KeyForge was designed to make DKIM email header signatures deniable. It
uses a long term root key (good for usability and key management), and
derives a sequence of subkeys to be used for a certain period of time
(using signature context / tags) and then disclosed after use without
compromising the root key. Quote;

> At any given time, KeyForge can remain succinct because it generates a
neat tree of public/private keypairs where exposing a node’s private key
also results in also exposing that node’s children’s keys, but not it’s
parents. If you then tag each layer of the tree as a
Master/Year/Month/Day/15-minute “chunk”, you get something like this:
> KeyForge is a tree of keys, where revealing a node's private key will
also reveal all of it's childrens' private keys, but not its parents' keys.

> So, for this KeyForge layout, one can reveal the private key for, say,
December 2020, and it’ll result in all signatures generated from that
entire month being forgable.

Note that the simple way of doing this, adding in the MLS group context as
a tag, will make message contents deniable but leave proof of
participation.
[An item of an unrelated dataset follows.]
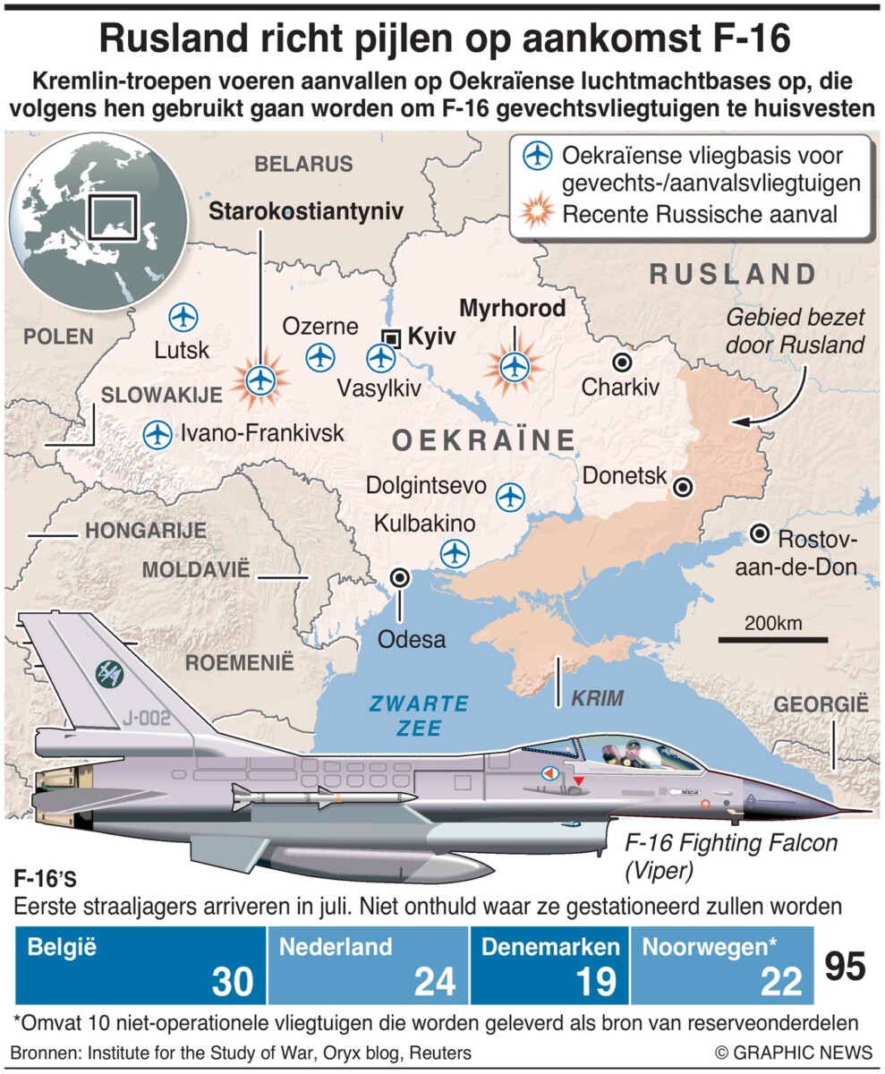 Ambtenaren hebben niet onthuld waar de F-16’s zullen worden gestationeerd, maar Moskou zei na een aanval op de vliegbasis Starokostiantyniv afgelopen donderdag dat het zich had gericht op vliegvelden waarvan het dacht dat ze daar zouden huisvesten.

This has a security model very similar to the original OTR's
key disclosure mechanism.

Another way of doing this is by using the user's long term keypair with the
purely time based scheme to sign a group context specific message signing
keypair. This only proves the sender's identity to those who receives the
signature before the key is disclosed, so users who return after having
been offline for a while will need to request re-signing by those users
whose signatures they did not see in time.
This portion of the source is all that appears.